My big fat guilt trip

So I made a poet feel guilty about drinking Coke. I made a citizen activist grimace in admitting he goes to Starbucks. I preach to strangers about shopping at Wal-Mart.

My name is Deidre. I am smug. I’m a hypocrite.

You don’t have to be Catholic to grovel under the weight of unkept rules, ideals that dictate what you wear, where you shop and what food you eat. You just have to care enough about certain issues.

I was eating some lovely flautas at a small Mexican restaurant in Cancun during a trip there nearly two weeks ago. I was talking with Harvey Bale of Geneva, Switzerland, who represented the International Federation of Pharmaceutical Manufacturers Association at the recent (and failed) WTO ministerial meetings.

We were talking about the models of the world and how difficult it is to impose one model of the world (say capitalist corporate agribusiness) on another (like a small community farm culture).

There’d been shouting across the street at a hotel next door to the Convention Center in Cancun, where the WTO talks were going on. A few demonstrators with signs appeared.

The signs called for fair trade and decried Wal-Mart.

“I guess they don’t like Wal-Mart,” Bale said.

I walked over to talk to the protesters. They did not express merely the many gripes they have with the evil, profit-mongering Wal-Mart. They were also upset at many within their own ranks of anti-globalization folk. They whined: “We see other activists popping into Wal-Mart to pick up stuff they forgot at home.”

I was amused at first. What, not enough to just say Wal-Mart is bad? You have to castigate people who are essentially your friends and allies?

We impose our vision on others.

Thinking about it, though, I realized that I do this all the time.

Example: I joined in when an acquaintance picked on her kind-hearted poet friend who was drinking a carbonated beverage.

“You shouldn’t be drinking Coke while the boycott’s still going on,” she said.

“There’s a boycott?” he asked.

“Yeah, remember Colombia—workers at a Coke plant are trying to unionize, and they’re being beaten up by thugs they say are hired by Coke?”

“To bust up the union,” I added. Maybe I even raised my eyebrows a bit. All self-righteous-like.

The poet’s hand curled around the label, as if to hide it.

“I won’t drink any more Coke, I promise.”

I replayed this episode in my head later, as I sipped0 a Diet Coke.

I’m worse when it comes to Starbucks. You should hear me go on about how the evil coffee giant runs small coffee shops out of business. How it pays pennies per pound of coffee to indigent Third World farming folk, then turn around and sells that coffee to you for $4 a cup.

“I don’t care if a caramel macchiato is your dream drink,” I’ll say. “They’re poisoning the planet!” I fail to mention the coffee giant now offers at least one (hey, it’s a start) blend of “fair trade” coffee.
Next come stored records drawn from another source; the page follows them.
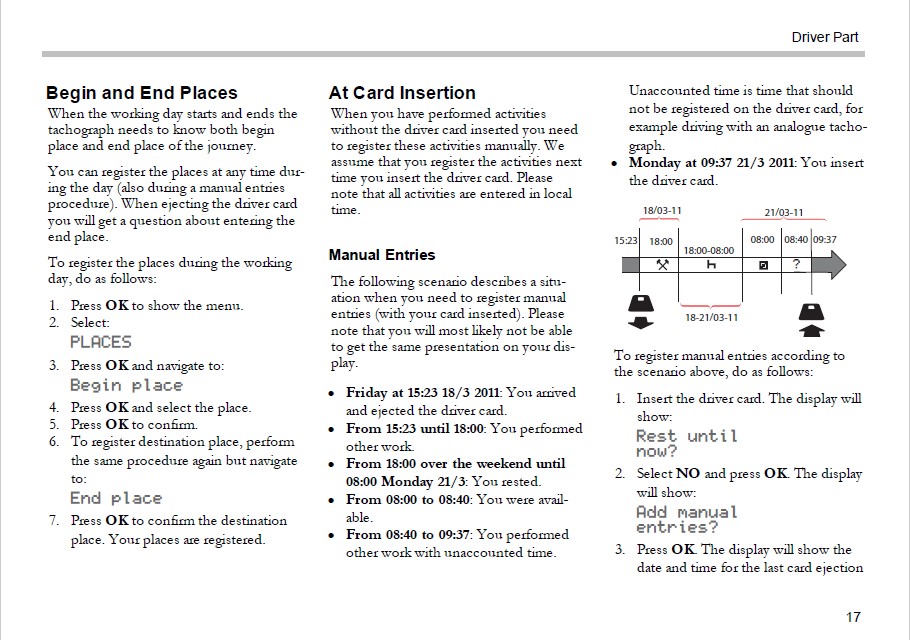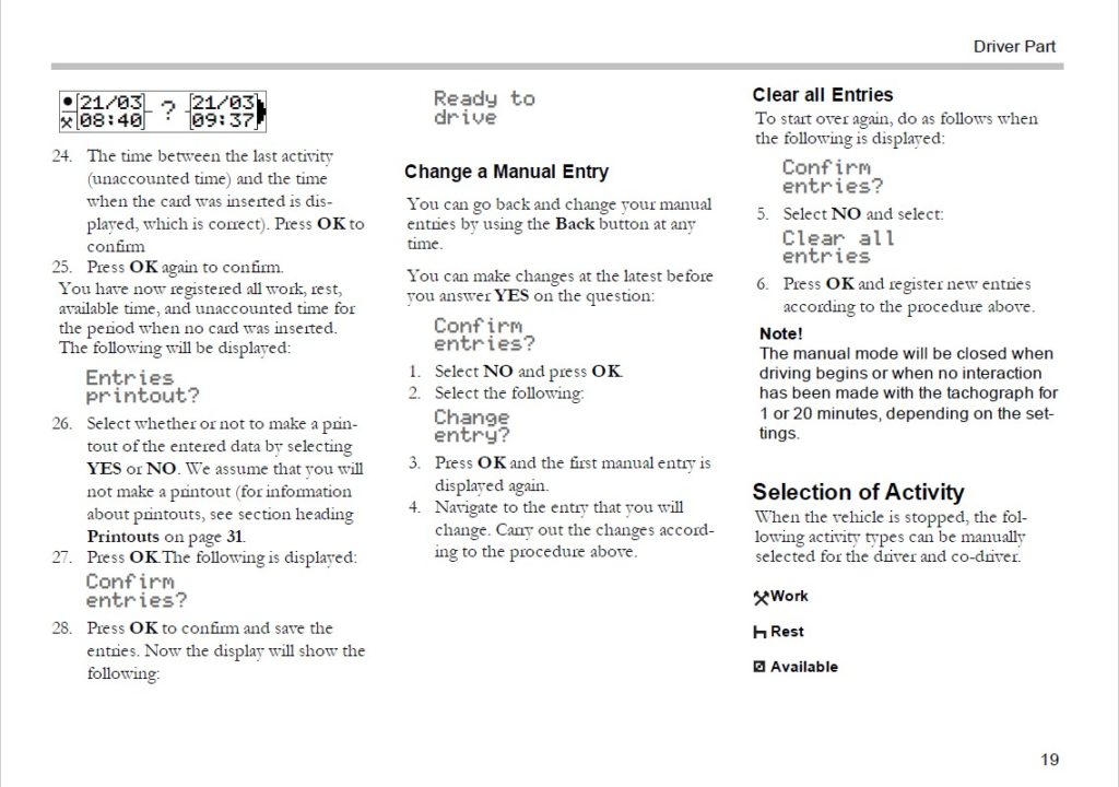 From 03/03/2023 when you enter your Drivers Card into the Tachograph you must select “Yes” when it says “1M Entry Addition”
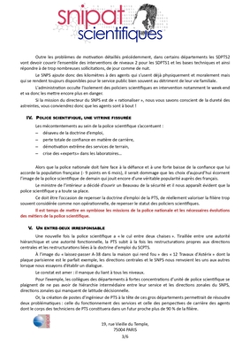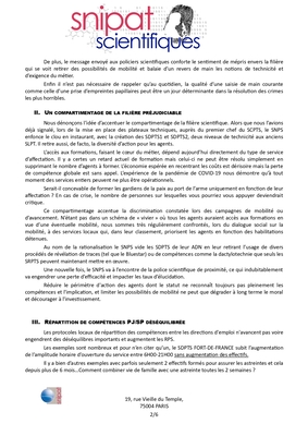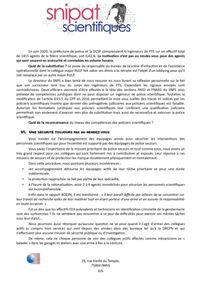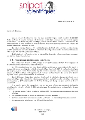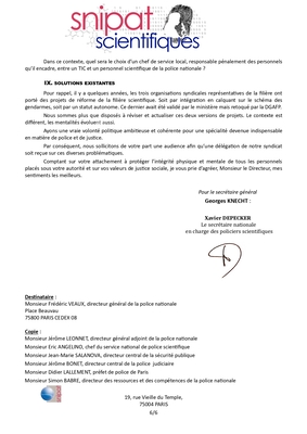 Courrier adressé le 25 janvier au DGPN faisant office de bilan des réformes actuelles de la filière scientifique et du ressenti des agents sur ces changements.
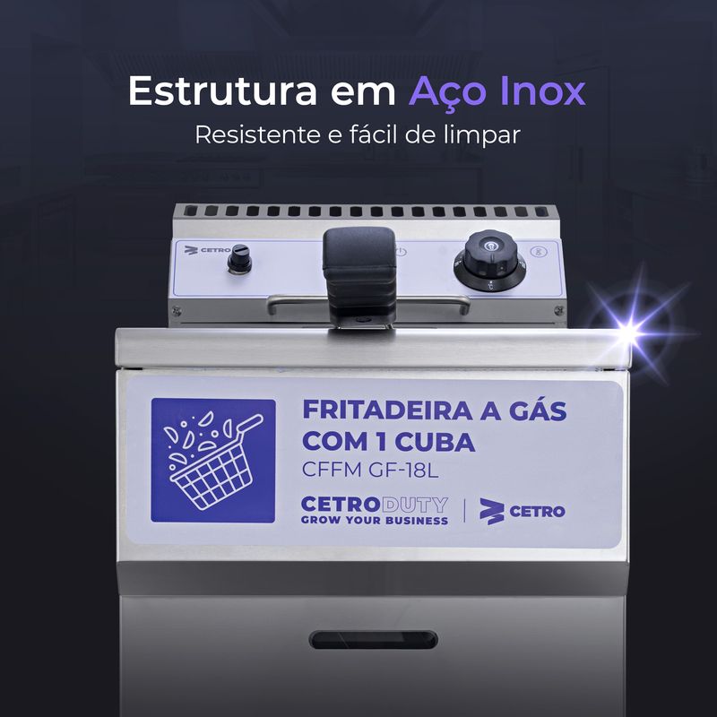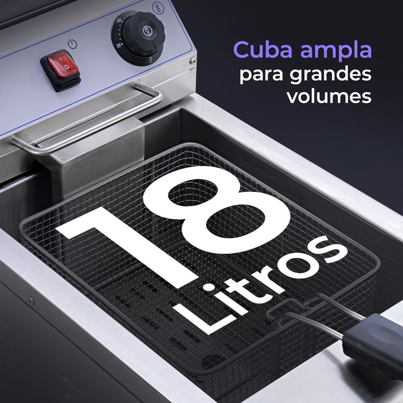 Cuba com capacidade de 18 litros, ideal para operações contínuas e alto volume de fritura
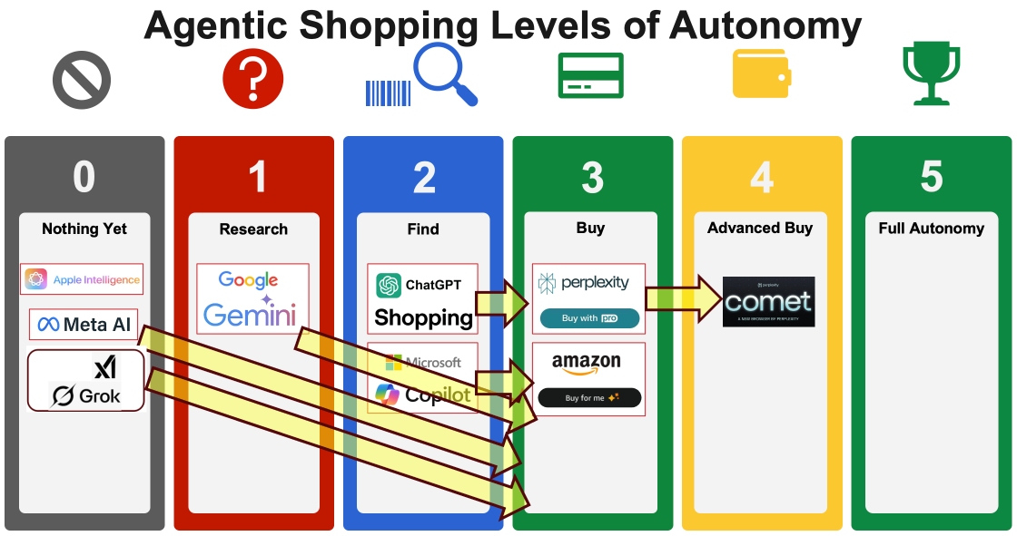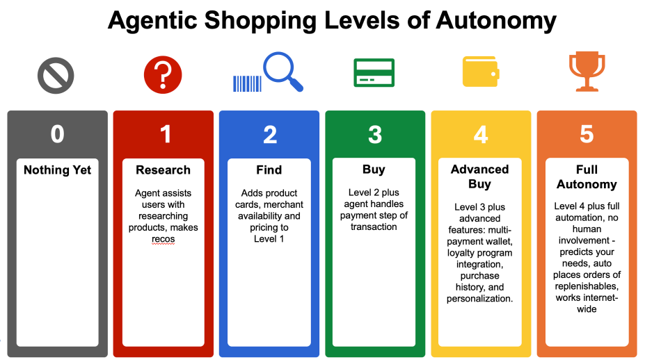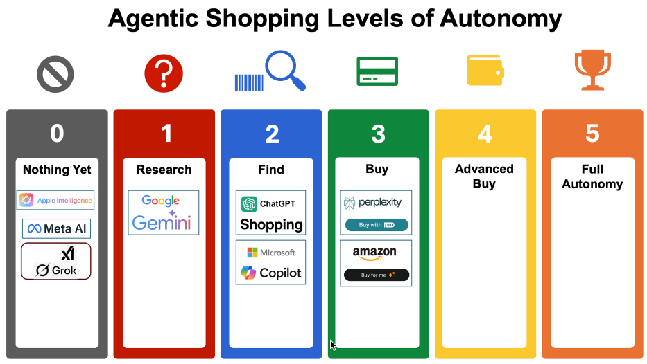 Those are the players, but how do we track their status? With the 5 Levels of Agentic Shopping Autonomy:
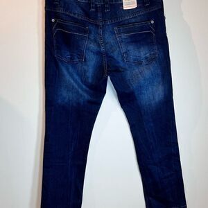 FREE PLANET Mens Dark Wash Whiskered Jeans with 2% Spandex 34/30
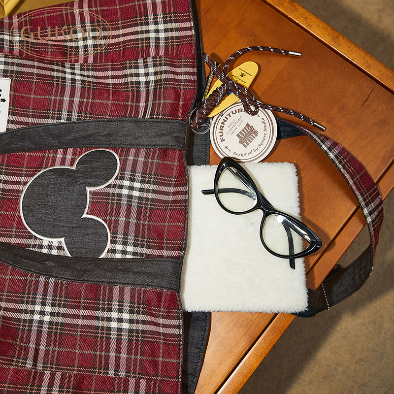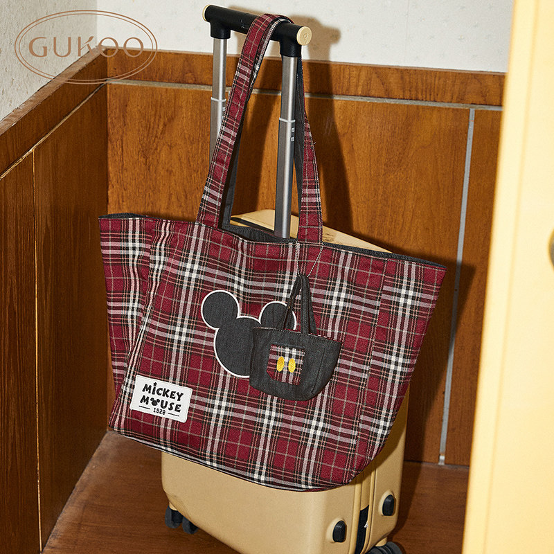 Gukoo 果壳双面手提包迪士尼联名格纹米奇帆布包女士托特包单肩包
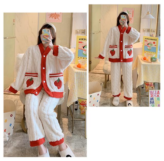 パジャマ ルームウェア レディース 秋冬 モコモコ 長袖 丸首 フランネルルームウェア 寝間着 暖かい 上下セット 部屋着 ゆったり 韓国風 送料無料

I don’t note that I’ve sampled the evil brew more than once.

When Sam Dehne (see RN&R News,) met with me recently, he apologized to me for drinking Starbucks coffee. So did at least one voter in the RN&R’s Best of Reno contest, who voted “Starbucks” for best coffee and followed that with a parenthetical “Sorry!”

But my most defining moment of hypocrisy this past week was the 30 seconds I spent explaining to a nice man with calloused hands and worn blue jeans why Wal-Mart is an evil place to shop. We were in a check-out line.

“They’re going to own us,” I warned, handing my credit card to the friendly Wal-Mart associate.